• [INFORMATION PROVIDED]:
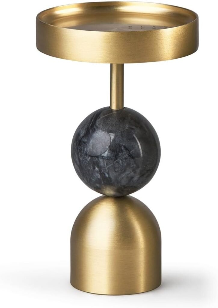 Cluster a set of three candlestands on a marble tray, then place a single brass candlestand on each side of the centerpiece to create symmetry without being predictable.
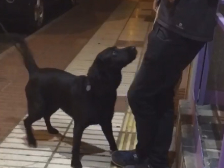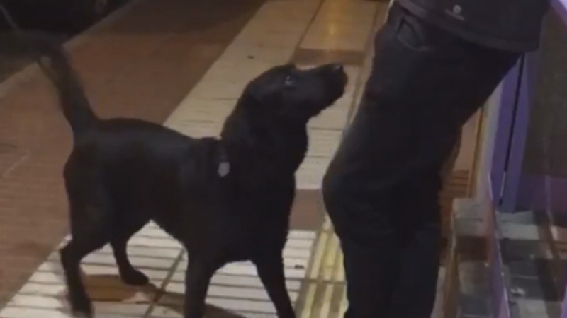 Policía Local fra Las Palmas på Gran Canaria har netop offentliggjort en video, der viser, hvordan den sorte hund lynhurtigt snuser sig frem til en pose marihuana i bukselommen på en fyr, som politiet har stoppet på gaden.
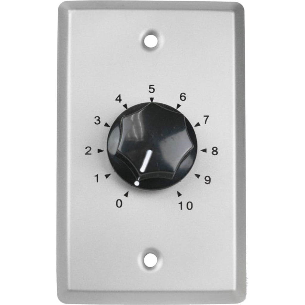 10W autoformer attenuator (volume control) with 3dB steps for use with 100/70/25V speaker line. Includes 1-gang stainless steel wall plate with rotary knob.
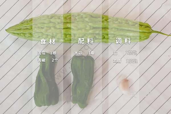 苦瓜1根、青椒2个、大蒜1瓣、盐2茶匙、鸡精1茶匙
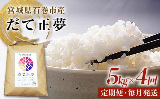 - 米 定期便 20kg <定期便4回・毎月発送> 令和7年 銘柄 だて正夢 いしのまき産米 精米 5kg×4回 定期 国産米 白米 お米 ごはん ブランド米 もちもち 食感 甘い 5キロ 4回配送 20キロ 家庭用 JAいしのまき 伊達正夢 宮城県 石巻 石巻市 送料無料

• [WORK REQUIRED]: Without the pictures, output the full listing exactly as it stands.

• [ANSWER TO THE EXERCISE]:
 Cluster a set of three candlestands on a marble tray, then place a single brass candlestand on each side of the centerpiece to create symmetry without being predictable.
 Policía Local fra Las Palmas på Gran Canaria har netop offentliggjort en video, der viser, hvordan den sorte hund lynhurtigt snuser sig frem til en pose marihuana i bukselommen på en fyr, som politiet har stoppet på gaden.
 10W autoformer attenuator (volume control) with 3dB steps for use with 100/70/25V speaker line. Includes 1-gang stainless steel wall plate with rotary knob.
 苦瓜1根、青椒2个、大蒜1瓣、盐2茶匙、鸡精1茶匙
 - 米 定期便 20kg <定期便4回・毎月発送> 令和7年 銘柄 だて正夢 いしのまき産米 精米 5kg×4回 定期 国産米 白米 お米 ごはん ブランド米 もちもち 食感 甘い 5キロ 4回配送 20キロ 家庭用 JAいしのまき 伊達正夢 宮城県 石巻 石巻市 送料無料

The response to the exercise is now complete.